◆ **Dataset extract**
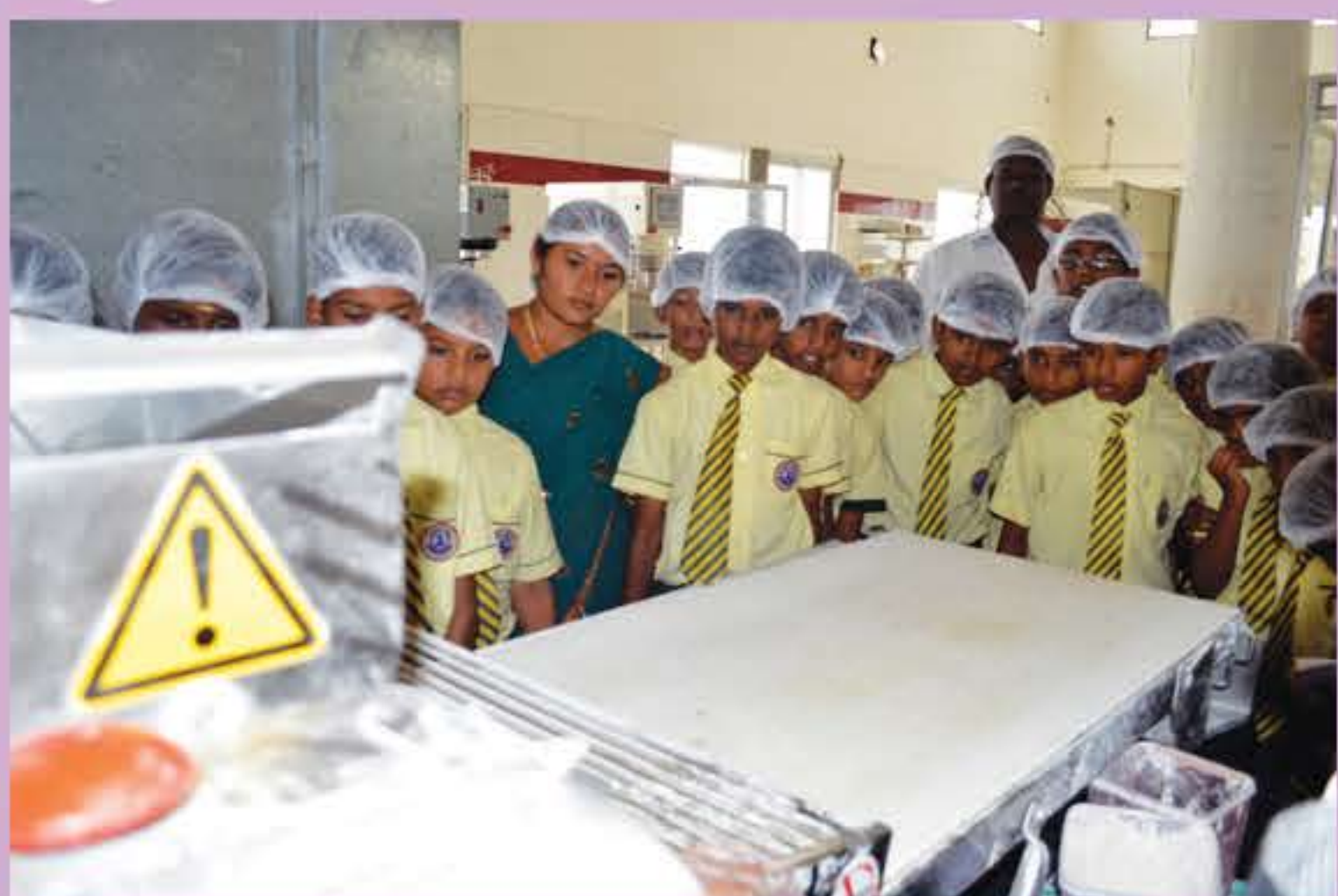
Learning to bake
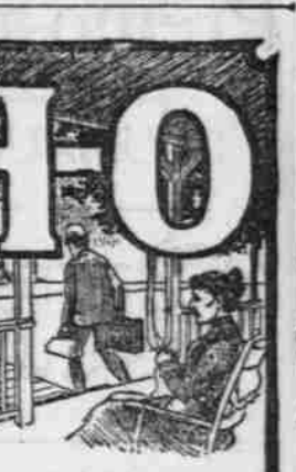
Alone she sits—poor Widow Lee—Hard-featured, thin and miserly—And wonders why no boarders stay Beneath her roof more than a day.

320 Wash. St. bet. Sixth and Seventh. 223 First Street, near Salmon.
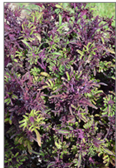
Under The Sea Lime Shrimp Coleus foliage
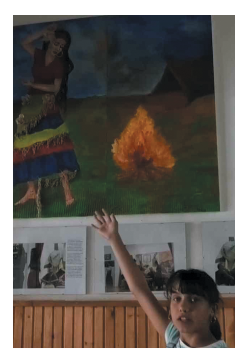
Fig. 5: Pupil verbally interpreting the image.

This cultural aspect is enriching to representatives of other groups as well: to the young girl, this picture comes to life, and people not belonging to Roma communities can't see that dance until then she performs it. That is, group-external people might not access some cultural references that are taken for granted for members of another group, but visual representations as well as related performances make such references accessible, at least partially, to all. In this case, interaction with and about a schoolscape item triggered a short dance performance, that is, an element of Roma dance culture got embodied in the translanguaging space of the school.
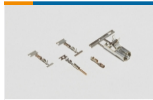
Wire-to-Board Connector Contacts(66)
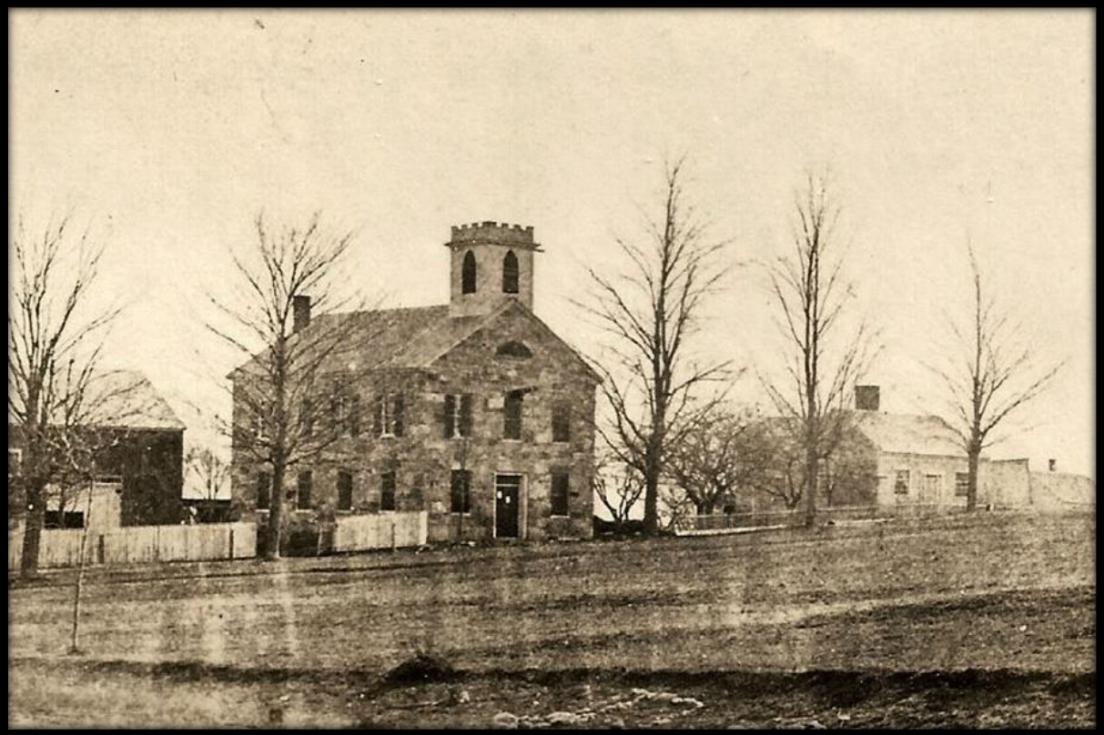
TOWN HALL Boylston, Massachusetts 1870
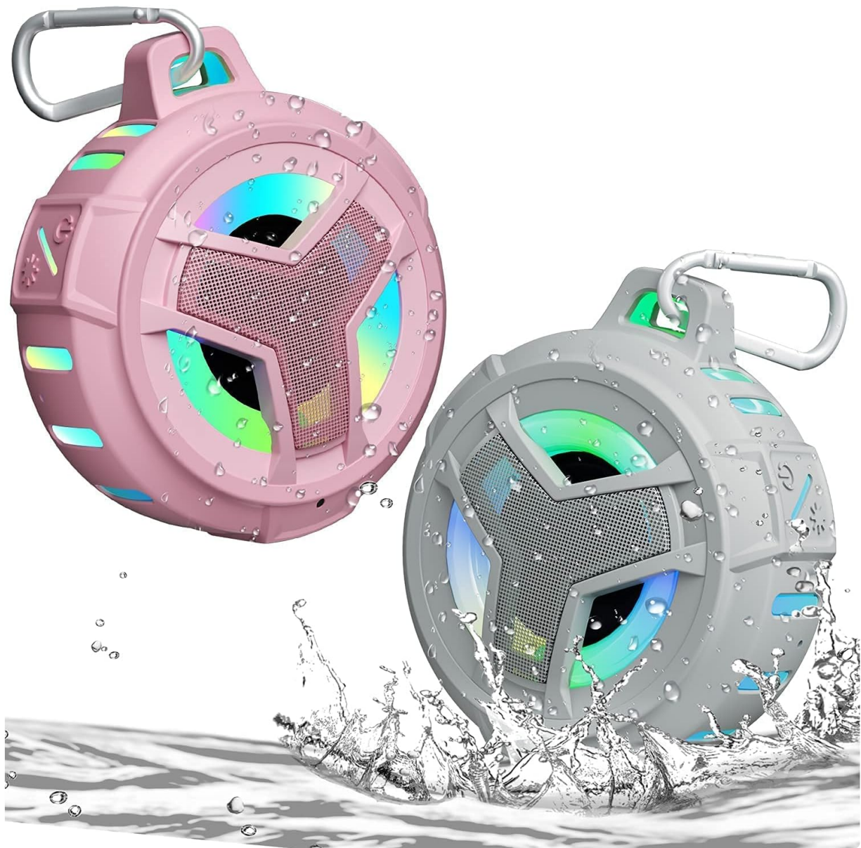
Image: Two EBODA waterproof Bluetooth speakers, one pink and one gray, demonstrating their water resistance with splashing water.

◆ **Work to complete**
Starting with the first line of the records above and stopping after the line containing "Fig. 5: Pupil", repeat every line exactly and leave out the pictures.

◆ **The completed task**
Learning to bake
Alone she sits—poor Widow Lee—Hard-featured, thin and miserly—And wonders why no boarders stay Beneath her roof more than a day.

320 Wash. St. bet. Sixth and Seventh. 223 First Street, near Salmon.
Under The Sea Lime Shrimp Coleus foliage
Fig. 5: Pupil verbally interpreting the image.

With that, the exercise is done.